Download or read book Data Mesh written by Zhamak Dehghani and published by "O'Reilly Media, Inc.". This book was released on 2022-03-08 with total page 387 pages. Available in PDF, EPUB and Kindle. Book excerpt: Many enterprises are investing in a next-generation data lake, hoping to democratize data at scale to provide business insights and ultimately make automated intelligent decisions. In this practical book, author Zhamak Dehghani reveals that, despite the time, money, and effort poured into them, data warehouses and data lakes fail when applied at the scale and speed of today's organizations. A distributed data mesh is a better choice. Dehghani guides architects, technical leaders, and decision makers on their journey from monolithic big data architecture to a sociotechnical paradigm that draws from modern distributed architecture. A data mesh considers domains as a first-class concern, applies platform thinking to create self-serve data infrastructure, treats data as a product, and introduces a federated and computational model of data governance. This book shows you why and how. Examine the current data landscape from the perspective of business and organizational needs, environmental challenges, and existing architectures Analyze the landscape's underlying characteristics and failure modes Get a complete introduction to data mesh principles and its constituents Learn how to design a data mesh architecture Move beyond a monolithic data lake to a distributed data mesh.

Book Winning with Data

Download or read book Winning with Data written by Tomasz Tunguz and published by John Wiley & Sons. This book was released on 2016-06-20 with total page 179 pages. Available in PDF, EPUB and Kindle. Book excerpt: Crest the data wave with a deep cultural shift Winning with Data explores the cultural changes big data brings to business, and shows you how to adapt your organization to leverage data to maximum effect. Authors Tomasz Tunguz and Frank Bien draw on extensive background in big data, business intelligence, and business strategy to provide a blueprint for companies looking to move head-on into the data wave. Instrumentation is discussed in detail, but the core of the change is in the culture—this book provides sound guidance on building the type of organizational culture that creates and leverages data daily, in every aspect of the business. Real-world examples illustrate these important concepts at work: you'll learn how data helped Warby-Parker disrupt a $13 billion monopolized market, how ThredUp uses data to process more than 20 thousand items of clothing every day, how Venmo leverages data to build better products, how HubSpot empowers their salespeople to be more productive, and more. From decision making and strategy to shipping and sales, this book shows you how data makes better business. Big data has taken on buzzword status, but there is little real guidance for companies seeking everyday business data solutions. This book takes a deeper look at big data in business, and shows you how to shift internal culture ahead of the curve.

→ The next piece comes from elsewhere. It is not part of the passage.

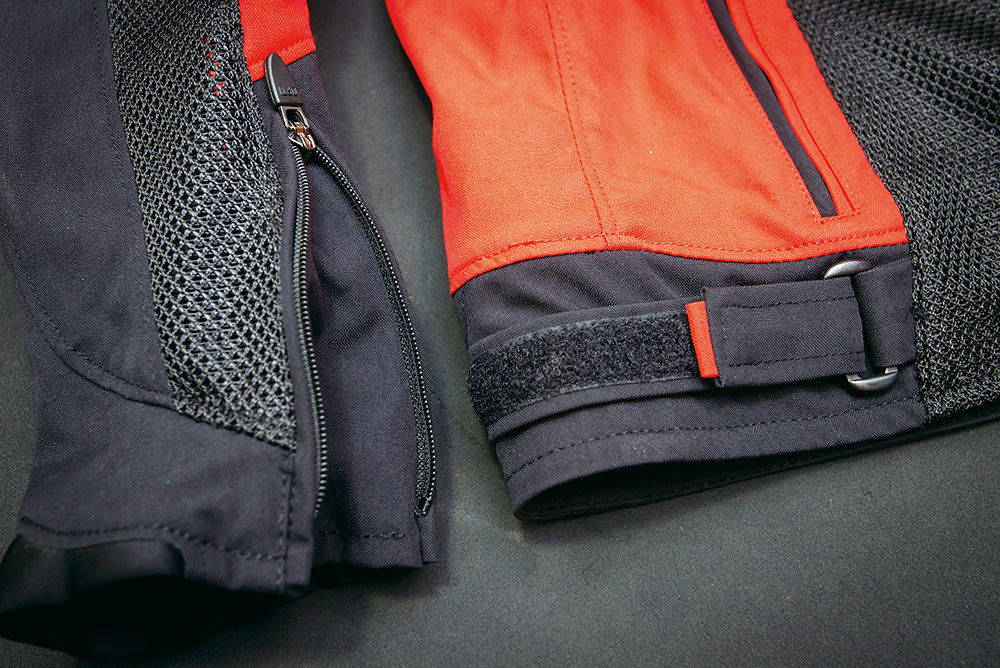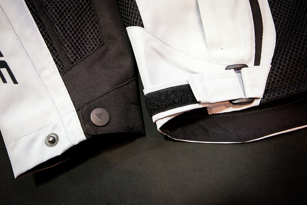 ウエストベルトはベルクロ、袖口にはファスナーを備える。腕にもサイズ調整ベルトが2本ある。

Understand the changes a data culture brings to companies Instrument your company for maximum benefit Utilize data to optimize every aspect of your business Improve decision making and transform business strategy Big data is becoming the number-one topic in business, yet no one is asking the right questions. Leveraging the full power of data requires more than good IT—organization-wide buy-in is essential for long-term success. Winning with Data is the expert guide to making data work for your business, and your needs.